Menurutnya, ada beberapa sektor Ekraf unggulan yang menyumbang pertumbuhan ekonomi di Kaltim, seperti sektor kuliner, fesyen, dan kriya.
"Bila dilihat lebih jauh, yang paling besar lagi adalah sektor kuliner," ungkapnya.
Dia mengatakan beberapa kuliner di Kaltim sudah memiliki identitas untuk mewakili wilayahnya, seperti salah satunya adalah kue Mantau.
Kue mantau yaitu makanan khas Tionghoa yang telah beradaptasi dan mengalami proses kulturasi sehingga menjadikan makanan satu ini berasal dari Balikpapan.
“Coba bayangkan ada berapa pusat oleh-oleh yang menyediakan mantau di Balikpapan. Sudah banyak, artinya memenuhi demand (permintaan) dari orang yang datang ke sini, untuk dijadikan oleh-oleh,” ungkapnya.
Lanjutnya, kue mantau terkenal dari Kota Balikpapan, makanan tersebut diolah sedemikian rupa sehingga memiliki ciri khas khusus.
Kemudian contoh lain adalah amplang yaitu makanan ringan tradisional dari Samarinda.

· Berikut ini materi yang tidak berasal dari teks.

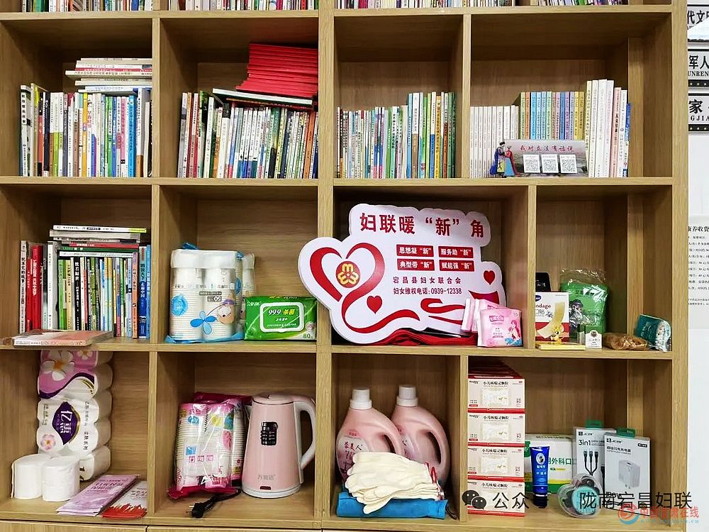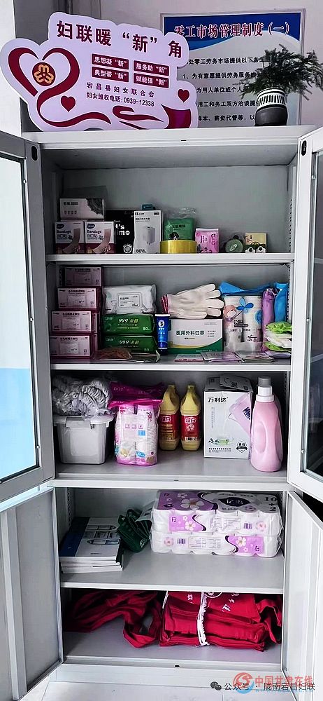 今年来,宕昌县妇联聚力推进娘家人暖“新”角建设,加强对新经济组织、新社会组织、新就业群体女性的关爱,目前,已依托城关镇立界村党群服务中心、县益民社会工作服务中心、新就业群体驿站3处女性从业者集中场所,建成首批服务阵地。每个暖“新”角均挂有统一标识牌,货架上整齐摆放着充电器、暖宫贴、雨伞、冰袖等日常用品,创口贴、口罩、消毒湿巾等防疫应急物资,以及《妇女权益保障法》、《反家庭暴力法》、《未成年人保护法》等法律知识和“两癌”防治宣传手册等政策资料,从生活所需到权益咨询,覆盖女性实际需求。

Meskipun dari Samarinda namun kini Amplang bisa ditemukan di daerah lain.
"Hanya saja untuk di Kaltim kita memiliki ciri khas untuk bahan bakunya yakni mulai dari ikan belida, ikan tenggiri, kepiting dan juga ada varian-variannya,” sebutnya.
Oleh sebab itu, Sri Wahyuni menilai Ekraf untuk sektor kuliner di Kaltim sudah cukup maju. Kendati demikian itu hanya untuk makanan ringan. Tetapi untuk makanan berat masih perlu penguatan baik layanan sajian maupun lainnya,
Dia mencontohkan seperti masyarakat yang berkunjung di Kaltim bisa menikmati kuliner kepiting atau masakan yang sudah tersedia di Samarinda, Balikpapan, dan Kukar.

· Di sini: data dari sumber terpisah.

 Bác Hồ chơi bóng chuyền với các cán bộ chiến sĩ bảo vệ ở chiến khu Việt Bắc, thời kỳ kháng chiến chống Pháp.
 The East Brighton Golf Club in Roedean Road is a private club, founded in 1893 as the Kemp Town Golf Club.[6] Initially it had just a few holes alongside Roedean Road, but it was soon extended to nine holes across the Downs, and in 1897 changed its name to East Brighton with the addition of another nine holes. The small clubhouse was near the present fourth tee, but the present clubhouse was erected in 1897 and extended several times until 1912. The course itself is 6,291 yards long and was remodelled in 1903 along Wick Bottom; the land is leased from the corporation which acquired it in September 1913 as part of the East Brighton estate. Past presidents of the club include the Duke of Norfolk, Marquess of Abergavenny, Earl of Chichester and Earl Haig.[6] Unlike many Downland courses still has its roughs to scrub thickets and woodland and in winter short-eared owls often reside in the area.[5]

“Tapi kita ingin setiap daerah itu punya kuliner khas yang disajikan dengan standar yang baik, untuk konsumen menengah maupun ke atas,” ujar Sri Wahyuni.
Dia berharap kuliner yang tersedia memiliki identitas lokal, sehingga setiap daerah di Kaltim memiliki makanan berat dengan ciri khas masing-masing.

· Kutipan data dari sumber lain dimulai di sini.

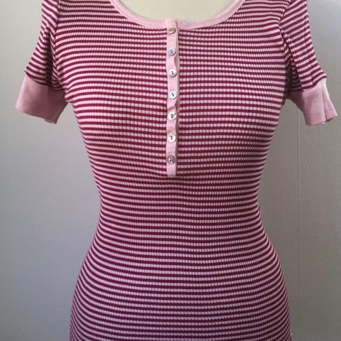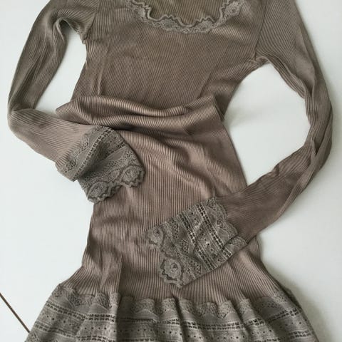 En langærmet top fra Rosemunde med høj hals og blonder . Brugt kun en enkel gang. 70% silke og 30% bomuld.

Bila melihat kontribusi pertumbuhan ekonomi tersebut, katanya sudah sepatutnya dilakukan pengukuran secara berkala untuk pengembangan lebih lanjut serta untuk pengembangan sektor lainnya.
“Jadi kita harap setiap tahun atau minimal 2 tahun sekali. Jadi dari pengukuran itu, kita bisa melihat sektor mana yang perlu di intervensi lebih lanjut,” ujar Sri Wahyuni.